Targeting YBX1: A novel therapeutic strategy for gastric cancer through regulation of cellular senescence and mTOR signaling.

Gastric cancer (GC) continues to pose a significant challenge for treatment due to its heterogeneity and the limitations of current strategies. There is an urgent need to find new molecular targets and strategies that can overcome therapy limitations and enhance outcomes. The modern "one-two punch" therapy involves inducing senescence and using a second drug to target senescent cancer cells, potentially offering an effective treatment. However, it remains an emerging research area for GC. In this study, we aimed to investigate the role of YBX1, a multifunctional RNA- and DNA-binding protein, in GC progression and its therapeutic potential in senescence-based strategies. We found that YBX1, which is elevated in gastric cancer cells and correlated with poor prognosis in gastric cancer patients, acts as a central hub linking the mTOR, ROS, and DDR pathways.

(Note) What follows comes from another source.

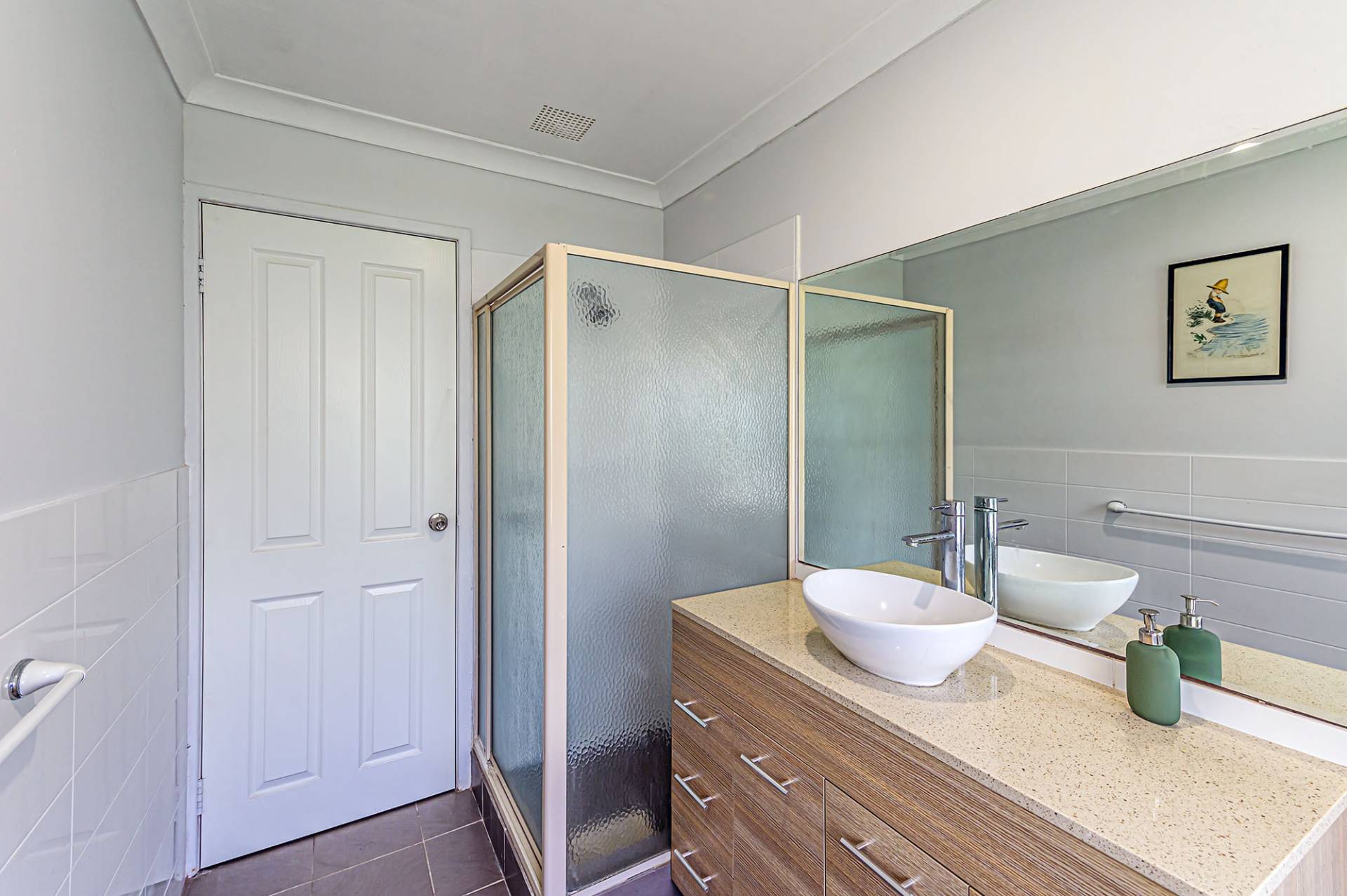 Down the hall at the rear of the property is the fifth bedroom with a ceiling fan, its own sliding door access to the rear garden and an ensuite bathroom with shower, vanity and WC. Elsewhere, there’s a good-sized laundry with separate outdoor access and space for both a washer and dryer.

YBX1 mRNA and protein levels were significantly higher in GC tissues than in adjacent normal tissues (P < 0.001), and high expression was associated with reduced overall survival (P < 0.05). Importantly, YBX1 promotes the proliferation of GC cells (P < 0.01) and inhibits senescence by regulating the mTOR signaling pathway. Targeting YBX1 could offer a "one-two punch" therapeutic approach for GC, since inhibiting mTOR induces senolytic effects on senescent cancer cells. Furthermore, YBX1 knockdown increases ROS levels (P < 0.0001) and disrupts DNA damage repair, enhancing its potential as a therapeutic target. In vivo xenograft studies confirmed that YBX1 inhibition reduces tumor growth and downregulates Ki67, pmTOR, and p4EBP1 expression (P < 0.001), while upregulating cellular senescence markers (P < 0.01), supporting its critical role in GC progression. Thus, this study underscores YBX1 as a pivotal regulator of GC cell proliferation, senescence, and survival, offering a promising avenue for targeted therapies. By leveraging YBX1 inhibition, this work lays a foundation for developing precision medicine approaches in GC treatment.